[DATASET SECTION Boundary: Start]
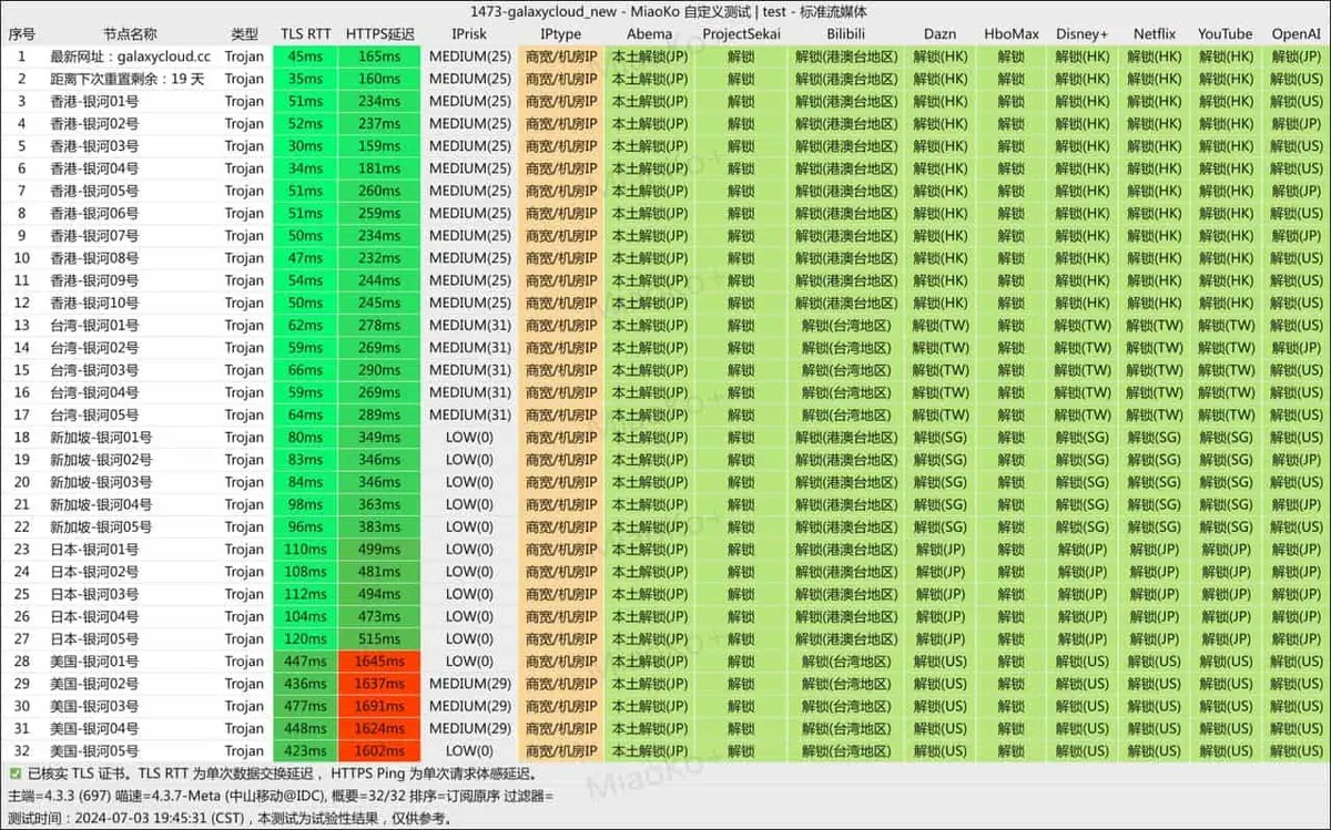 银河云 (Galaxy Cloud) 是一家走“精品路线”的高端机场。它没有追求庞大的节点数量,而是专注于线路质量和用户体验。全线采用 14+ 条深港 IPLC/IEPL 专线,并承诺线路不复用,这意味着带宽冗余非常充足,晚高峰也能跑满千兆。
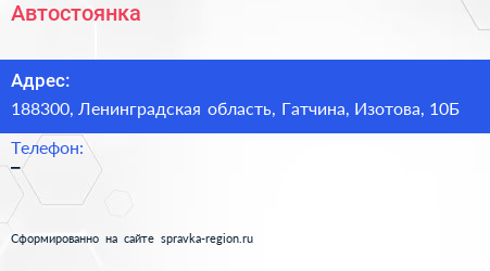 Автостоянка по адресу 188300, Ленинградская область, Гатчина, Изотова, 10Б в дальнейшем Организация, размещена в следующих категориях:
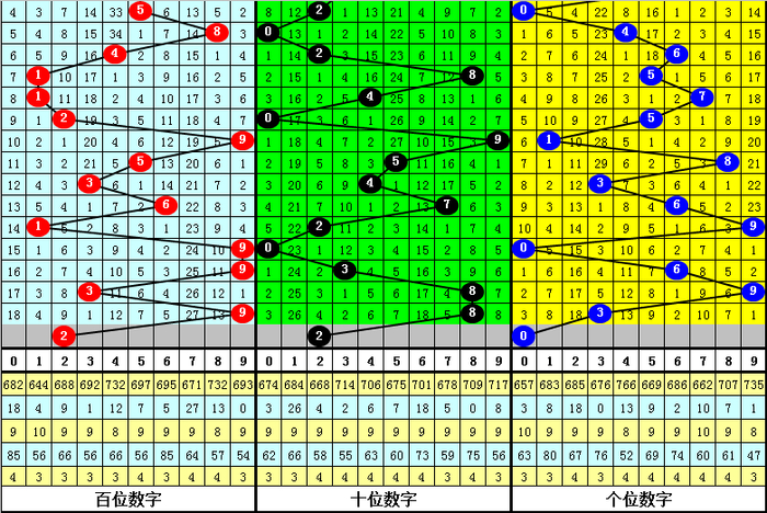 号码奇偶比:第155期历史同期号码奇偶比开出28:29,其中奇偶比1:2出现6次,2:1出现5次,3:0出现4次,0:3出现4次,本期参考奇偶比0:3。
[DATASET SECTION Boundary: End]
**INSTRUCTIONS FOR THE TASK:**
The lines from the one with "Автостоянка по адресу" to the end of the data above should be retyped exactly, both ends included, and pictures are to be left out.

**EXERCISE SOLUTION:**
 Автостоянка по адресу 188300, Ленинградская область, Гатчина, Изотова, 10Б в дальнейшем Организация, размещена в следующих категориях:
 号码奇偶比:第155期历史同期号码奇偶比开出28:29,其中奇偶比1:2出现6次,2:1出现5次,3:0出现4次,0:3出现4次,本期参考奇偶比0:3。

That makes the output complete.